**TASK DETAILS:** Starting with the line below that holds "On our way out" and stopping after the line that holds "Вылить на фольгу", transcribe the lines exactly, leaving out all pictures.

**DATA IN THIS EXERCISE:**
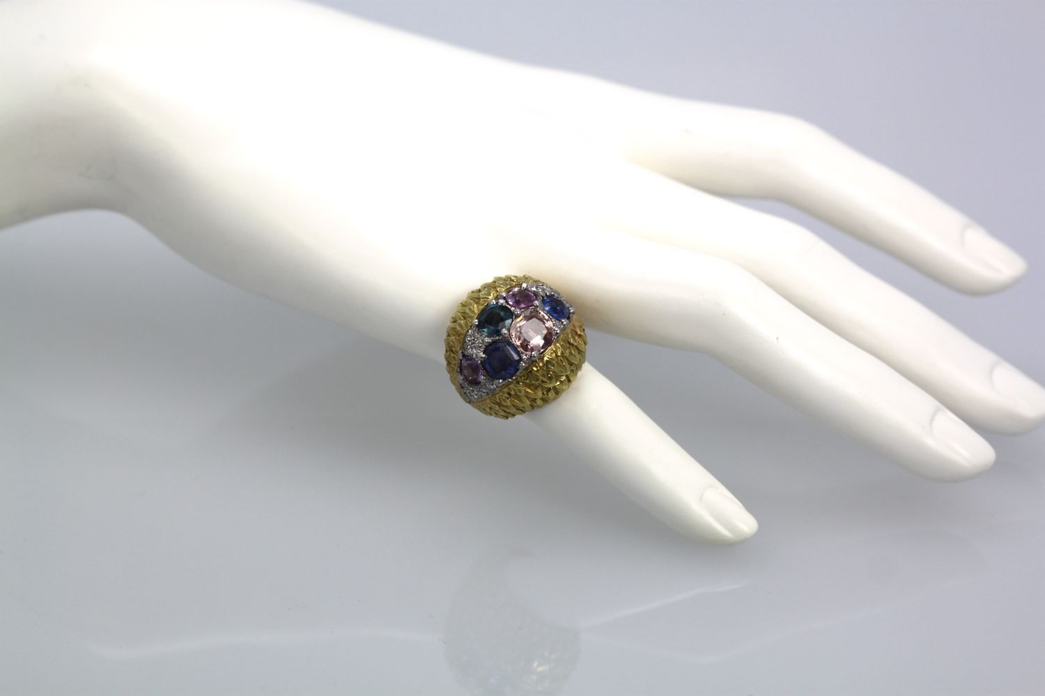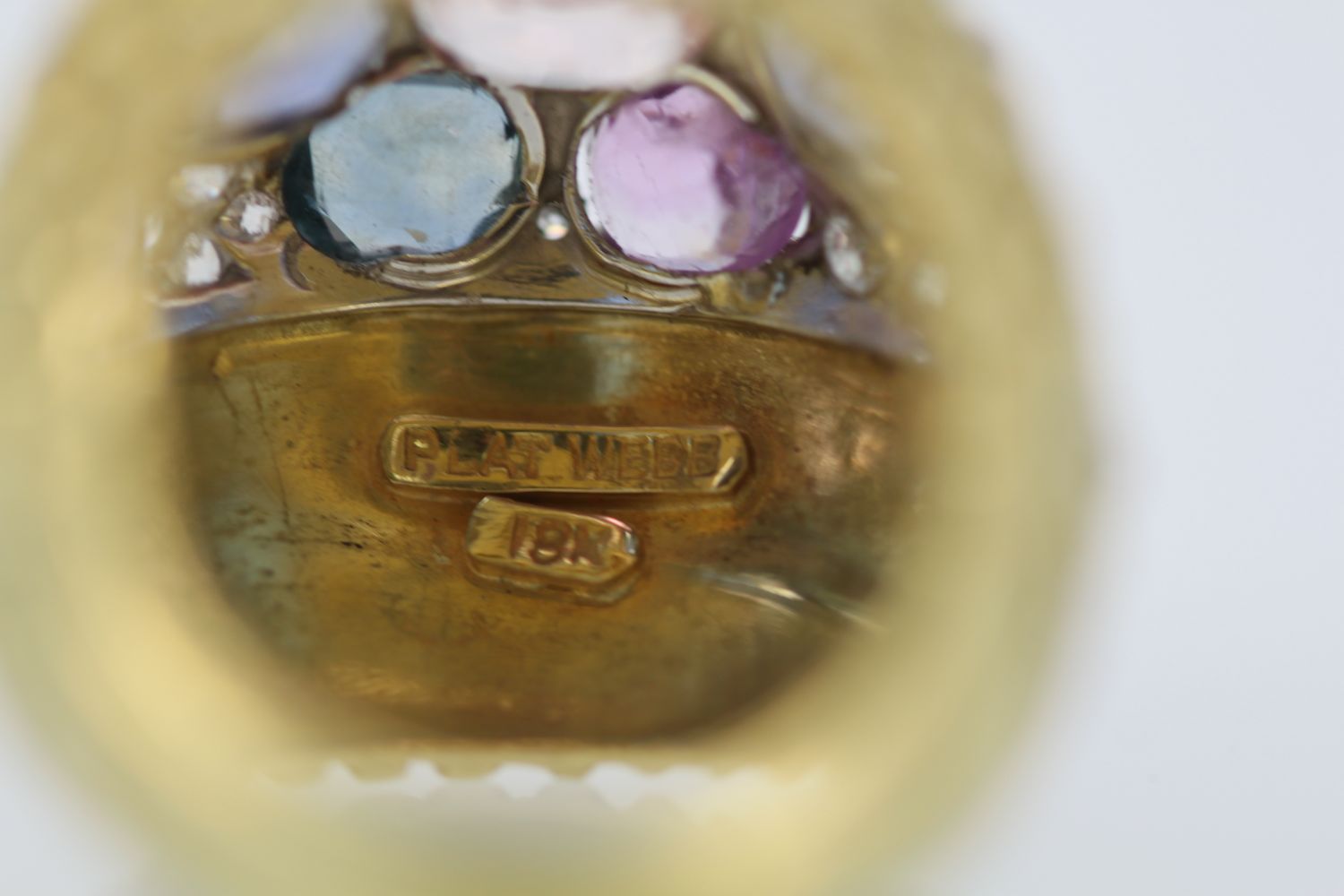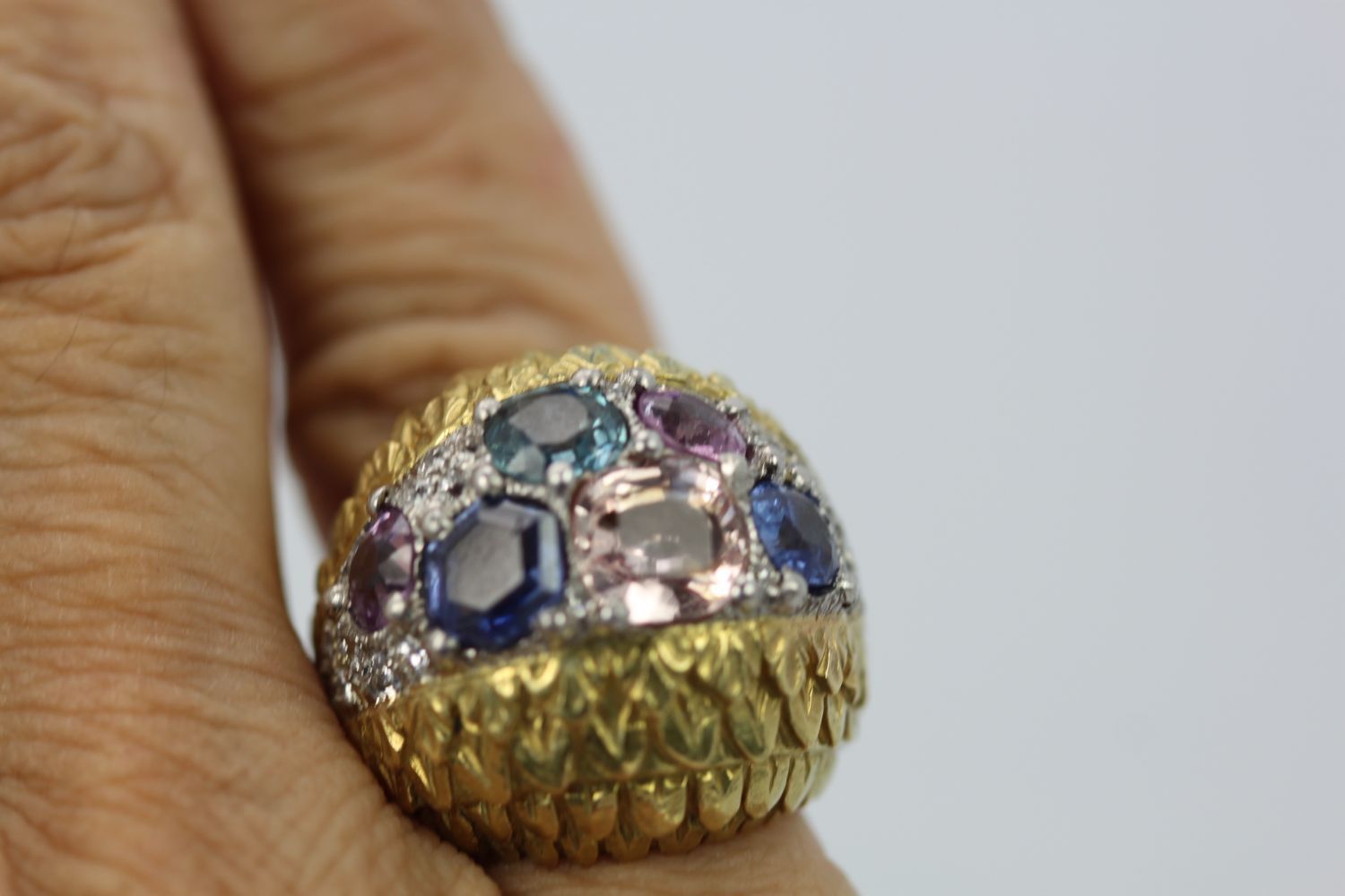 Love David Webb, I just can’t get enough of his jewelry. It is always remarkable with the finest workmanship and the very best grade of Gemstones and Diamonds always the very best. This ring comes from an auction house in London, England. The body of this ring is beautifully textured with an etched detail of what appears to be leaves of a tiny heart design. There are two sections of finely etched detail work. The center of the ring is set in Platinum and F color VS clarity Diamonds of about 1.00 carat surrounding the six fancy Sapphires. These Sapphires are different colors and different shapes and sizes. There are 3 blue Sapphires, 1 medium Blue 1.00 carat, I Blue with Teal undertones, .75 Carat, 1 rich deep blue 1.25 carats to total 3.00 carats There is also 1 Peach Sapphire of 2.25 Carats and 2 Pink Sapphires both at 0.65 Carats each. All in all this totals 6.55 Carats. This ring has a high dome 21.4mm across ring 22.3mm width and 14mm x 29.09mm.
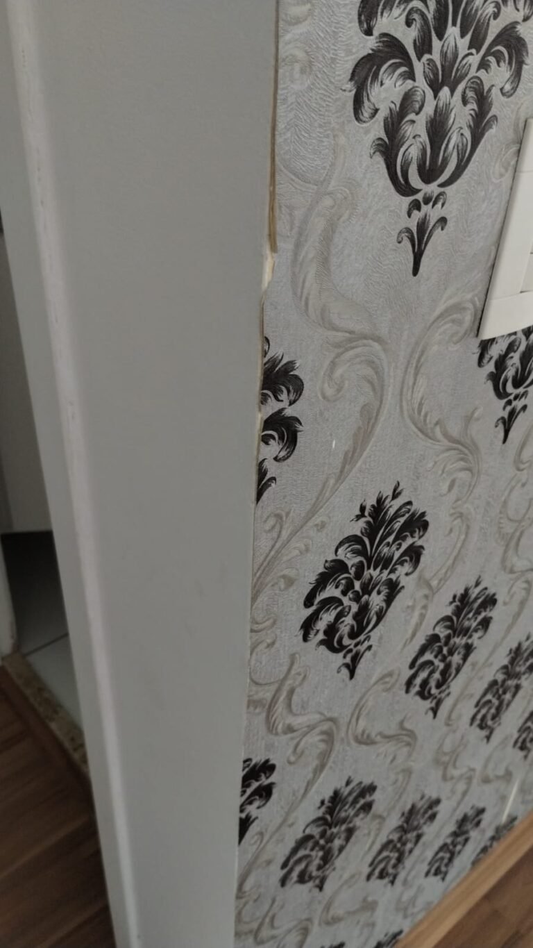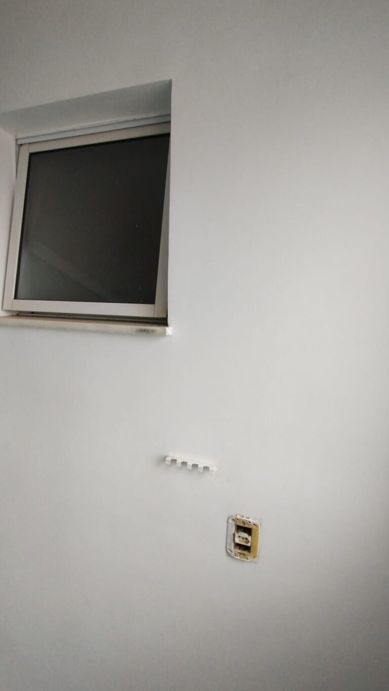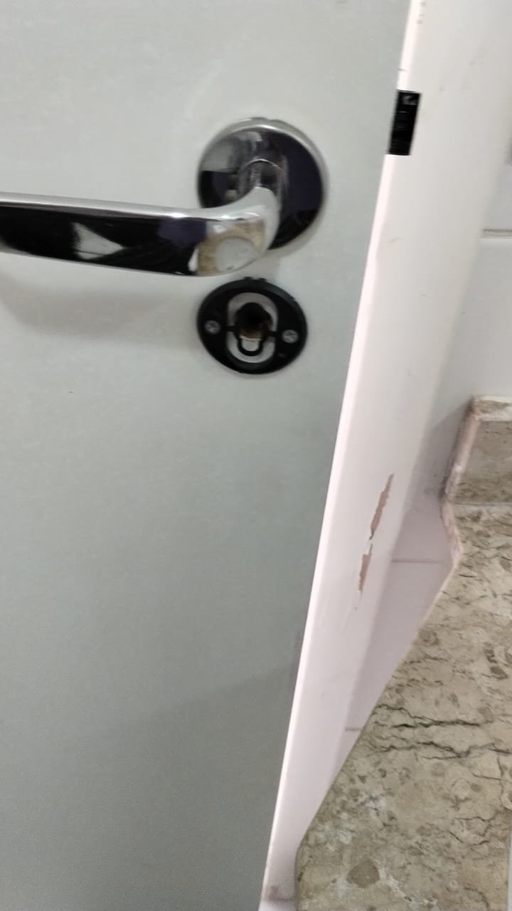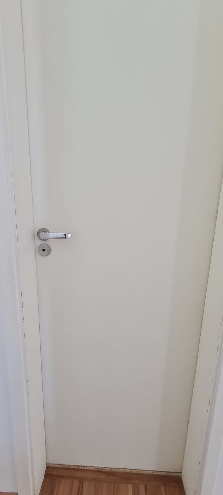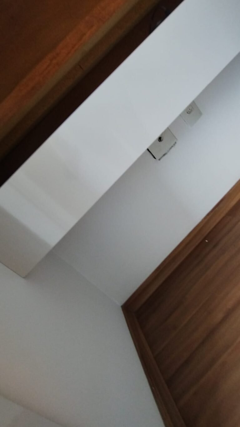 Sala:- Porta de madeira com a pintura na cor branco com prego na parte superior da porta restante em ordem, dobradiças em ordem, fechadura em ordem, chaves em ordem, guarnição em ambos os lados com a pintura na cor branco em ordem, paredes com a pintura na cor branco em ordem, 01 parede contendo papel de parede com a lateral lascada e parte inferior faltando um pedaço restante em ordem, teto com a pintura na cor branco em ordem, piso laminado de madeira em ordem, rodapés laminados de madeira em ordem, 01 plafon em ordem, 01 lâmpada de led em ordem, 01 plafon sem a tampa de vidro contendo 01 lâmpada de led o restante em ordem, 01 interfone em ordem, 01 campainha em ordem, 01 interruptor com dois módulos de luz com espelho em ordem, 01 interruptor de luz com três módulos de luz com espelho em ordem, 01 tomada com espelho em ordem, 01 interruptor com modulo de saída para cabo com espelho em ordem, 01 tomada dupla com dois módulos de energia com espelho em ordem, um interruptor com um modulo para cabo e um cego com espelho em ordem, 01 interruptor para sacada com modulo de luz com espelho em ordem, 01 varão para cortina na cor mogno em ordem, 01 porta chaves em ordem, 01 rack de madeira com uma gaveta na cor laca com alguns lascos o restante em ordem, contendo duas dobradiças fixas em ordem, 01 pistão pneumático em ordem.
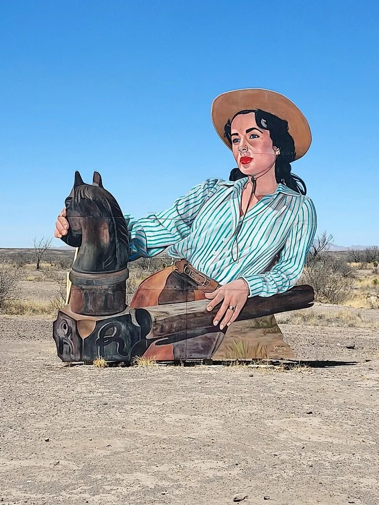 On our way out of town, we accidentally ran across a whole diorama of Giant out on the highway near the oil field where the movie was filmed, with lifesize cutouts of the actors and even a speaker playing songs from the movie.
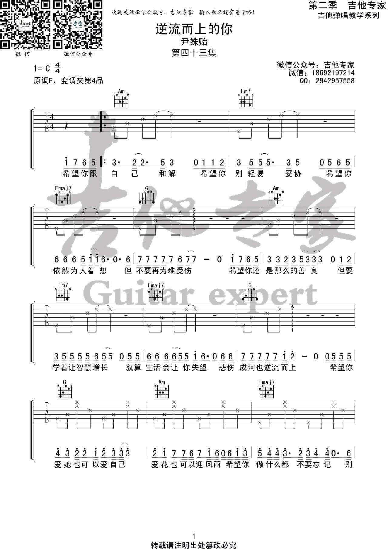 《《逆流而上的你吉他谱》(C调)》内容来自于互联网,不能保证内容的准确性与完整性,仅供学习交流欣赏,请勿用于其它用途,内容版权归原作者及来源网站所有,如有侵犯到您的权益请来信告知,我们将及时删除。
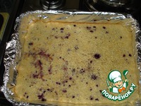 Вылить на фольгу тесто и сверху рассыпать ягоды. |
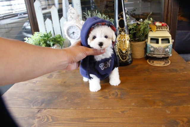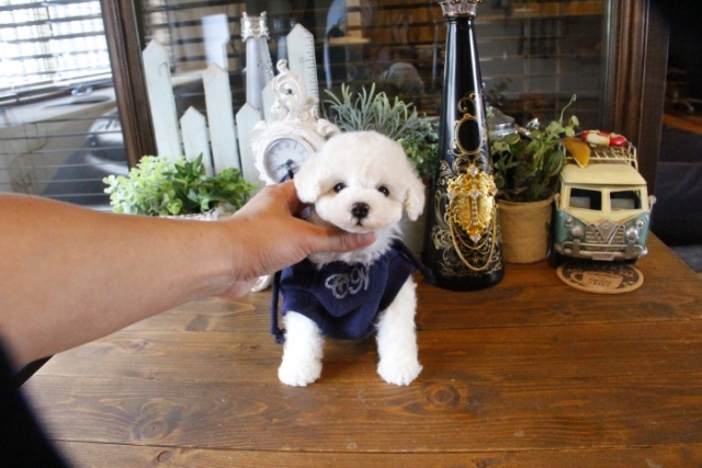 | コメント | 父1.6㎏ 母1.8㎏ おっとりタイプの女の子で毛量も多く 気品がある綺麗さです。 姉妹で寝るときには優しく妹を温めながら 寝てくれるとてもいい子です。 このこはお母さんよりのタイニーサイズ予想です のでお子様がいるご家庭で安心してお迎えください 生体ですので他の家族が先に決まってしまうことも 多々ありますのでご理解のほどよろしくお願いいたします 大人しく人懐っこい性格なので初めての方にも飼いやすい仔です☆ お留守番、夜鳴きはすでにしつけ済みです♪ ペットショップやオークション出しのブリーダーと違い欧米のブリーディング同様、親や兄弟と社会期を過ごさせることで 人間と暮らした時にスムーズに暮らせるようにしております。 親犬達も家族として朝7時からドックランで遊び、全室冷暖房完備の部屋で過ごし、専門のスタッフや専門学校の方々と協力し合いながら 衛生管理に努めております。 犬舎の特徴としましては、東京や神奈川近郊の為マンションのお客様が8割を占めます。その為小さな1キロから2.8キロまでに収まるように、 母犬を2.8キロまでと決めてブリーディングをしている為、後で極端に大きくなる子はいません。 瞳の丸く大きなところやマズル(鼻先)が短いもの特徴で、父犬、母犬、全て私が全国の可愛いトイプードルを一頭、一頭厳選して親犬としてブリーディングした子犬のみを掲載しております。 こだわりとしては、お客様がお迎えされた後、その子がTV出演、雑誌やカレンダーのモデルとして活躍の場が増え我が家を忘れないでいてもらいたい為、 本気でこだわりを持って常にトイプードルを飼うなら此処だと皆様全員に思われる犬舎でありたいと思います。 ありがたいことに今では、雑誌やTV出演、カレンダーなど多くの出身トイプードルちゃんたちが可愛く撮影されお客様からも喜びの声を頂いております。 我が家は50頭の小さな犬舎ではありますが、頭数が多いところでは管理が行き届かない、PRA若年性白内障などの遺伝性疾患の発症がないように努めております |
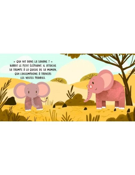 Un livre sonore avec des illustrations simples et délicates et six sons délicieux, pour apprendre à reconnaître les sons des animaux qui vivent dans la savane. Pas besoin d'appuyer sur un bouton : il suffit de tourner la page pour lancer les sons !
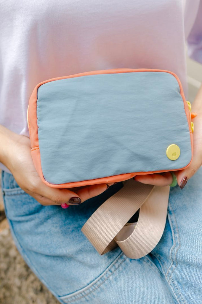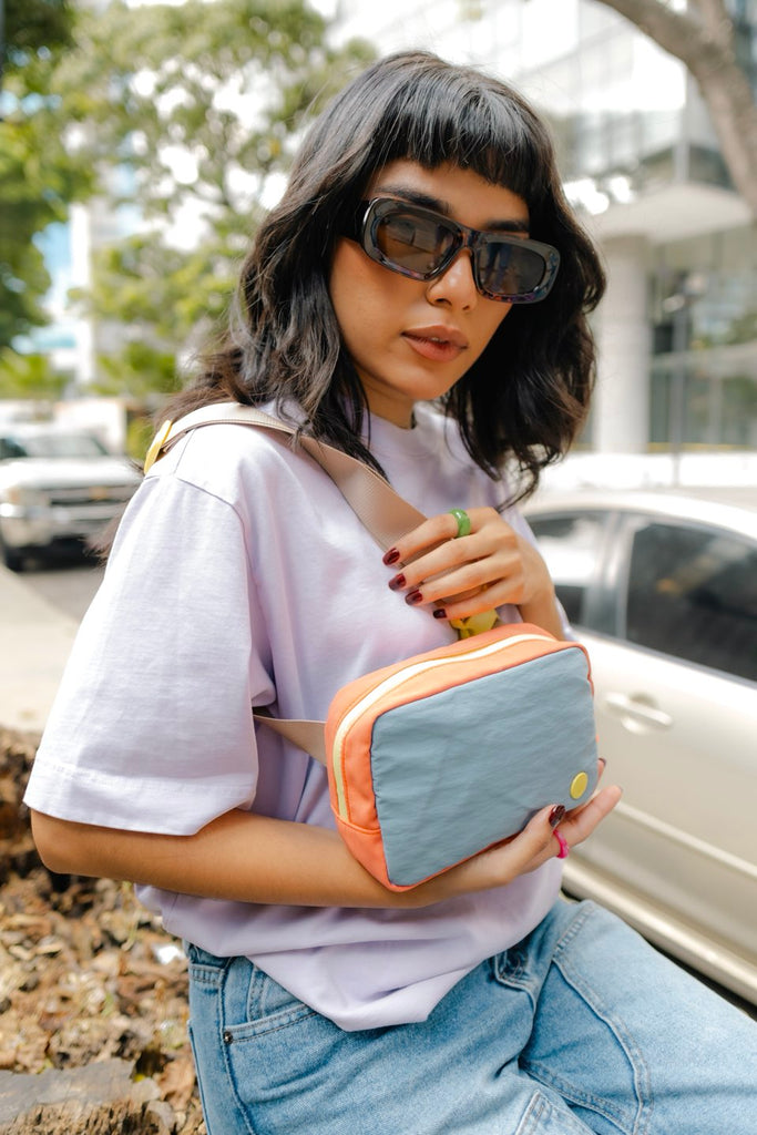 Koala de nylon con tira ajustable. Cierre superior y bolsillo trasero con cierre (para la caleta). Adentro tiene varios bolsillitos planos de malla para pequeños esenciales como audífonos y chicle.

**RESPONSE AREA:**
 On our way out of town, we accidentally ran across a whole diorama of Giant out on the highway near the oil field where the movie was filmed, with lifesize cutouts of the actors and even a speaker playing songs from the movie.
 《《逆流而上的你吉他谱》(C调)》内容来自于互联网,不能保证内容的准确性与完整性,仅供学习交流欣赏,请勿用于其它用途,内容版权归原作者及来源网站所有,如有侵犯到您的权益请来信告知,我们将及时删除。
 Вылить на фольгу тесто и сверху рассыпать ягоды. |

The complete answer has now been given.